▸ **About this task**: Only the lines from the one holding "给定序列A,序列中的每一项A" through the end of the records below are to be reproduced exactly, and pictures are to be omitted.

[Data entries]

★ ★ ★ ★ ★ ★ ★

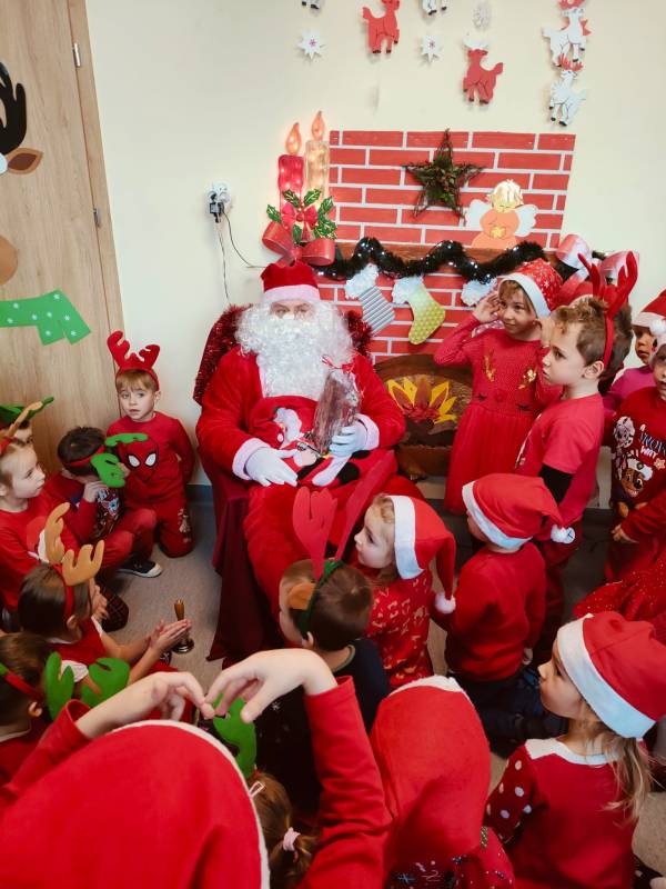 6 grudnia do naszego przedszkola zawitał Święty Mikołaj. Dzieci z niecierpliwością wyczekiwały tego dnia. Z ogromną radością i szczerym zaangażowaniem przywitały miłego gościa, śpiewając mu piosenki i recytując wiersze. Oczywiście Mikołaj przywiózł ze sobą prezenty, które bardzo spodobały się dzieciom. Ten dzień zapamietał każdy przedszkolak.
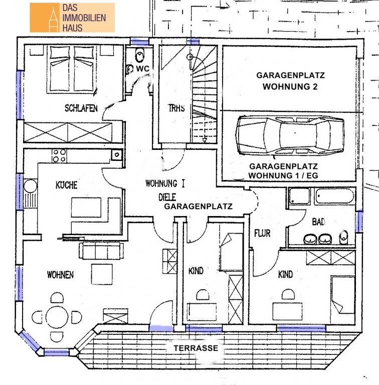 Zur Wohnung gehört ferner eine Garage, von der man auch direkt ins Haus gelangt (gegenüber Plan geändert!) und ein eigener Kfz-Stellplatz im Freien.
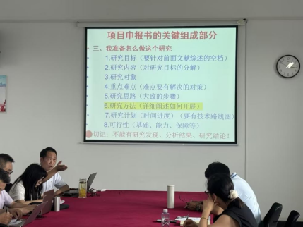 工作坊伊始,陈院长首先强调了项目申报书撰写的重要性。他指出,一份优秀的项目申报书是获得科研资助的关键。项目申报书的核心目的就是说服评委你准备做一项非常有意义的研究,所以需要清晰、准确地阐述研究项目的目标、内容、方法、预期成果等关键信息。随后,他以科研项目申报书的关键组成部分为切入点,为教师们详细阐释了项目书在撰写过程中需着重关注的要点。
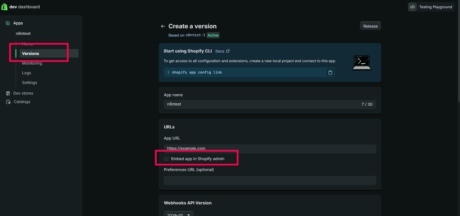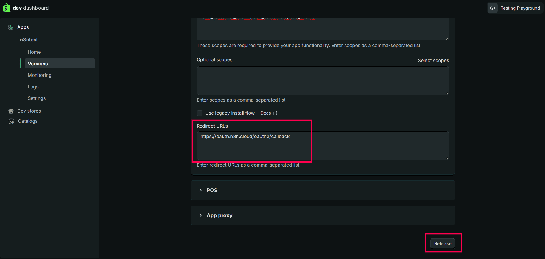 8. Go back to the Shopify dev dashboard. Paste the URL in the Redirect URLs and release the app. The version name and version message fields can be left empty since they are optional.
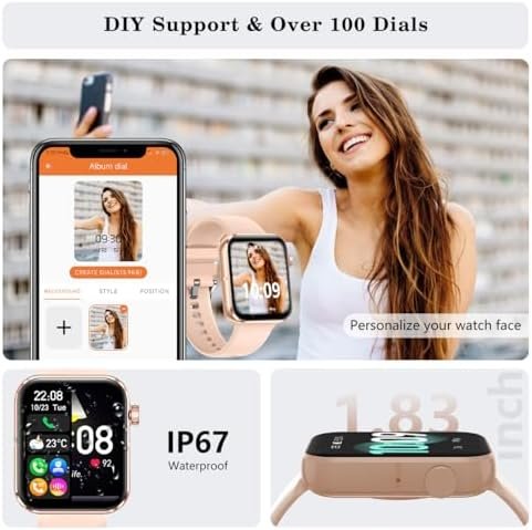 📲Durability & Practical Features – Experience the next level of digital interaction with the 1.83″ TFT screen, offering crystal-clear visuals, vibrant colors, and seamless navigation. Offers over 180 online smartwatches faces in various styles, along with options for DIY custom dials. Personalize your watch by setting your favorite photos as the watch face. Explore a variety of handy features such as business card, music players, stopwatches, calculators, and many more.
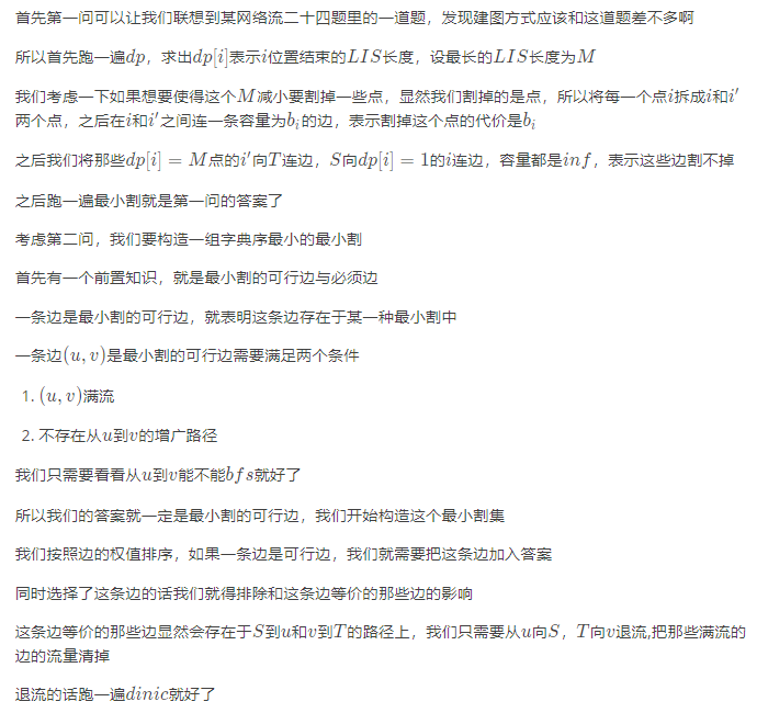 给定序列A,序列中的每一项Ai有删除代价Bi和附加属性Ci。请删除若干项,使得A的最长上升子序列长度减少至少1,且付出的代价之和最小,并输出方案。 如果有多种方案,请输出将删去项的附加属性排序之后,字典序最小的一种。
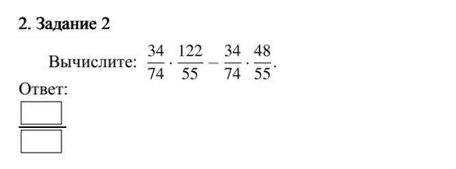 34/74 × 122/55 - 34/74 × 48/55 = 34/74 × (122/55 - 48/55) =
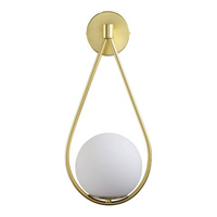Kinkiet ścienny CORDEL w stylu vintage – złoty mosiądzowany ring z bursztynowym kloszem kulką - elegancka lampa ścienna G9 LED

★ ★ ★ ★ ★ ★ ★

▸ **Result**:
 给定序列A,序列中的每一项Ai有删除代价Bi和附加属性Ci。请删除若干项,使得A的最长上升子序列长度减少至少1,且付出的代价之和最小,并输出方案。 如果有多种方案,请输出将删去项的附加属性排序之后,字典序最小的一种。
 34/74 × 122/55 - 34/74 × 48/55 = 34/74 × (122/55 - 48/55) =
Kinkiet ścienny CORDEL w stylu vintage – złoty mosiądzowany ring z bursztynowym kloszem kulką - elegancka lampa ścienna G9 LED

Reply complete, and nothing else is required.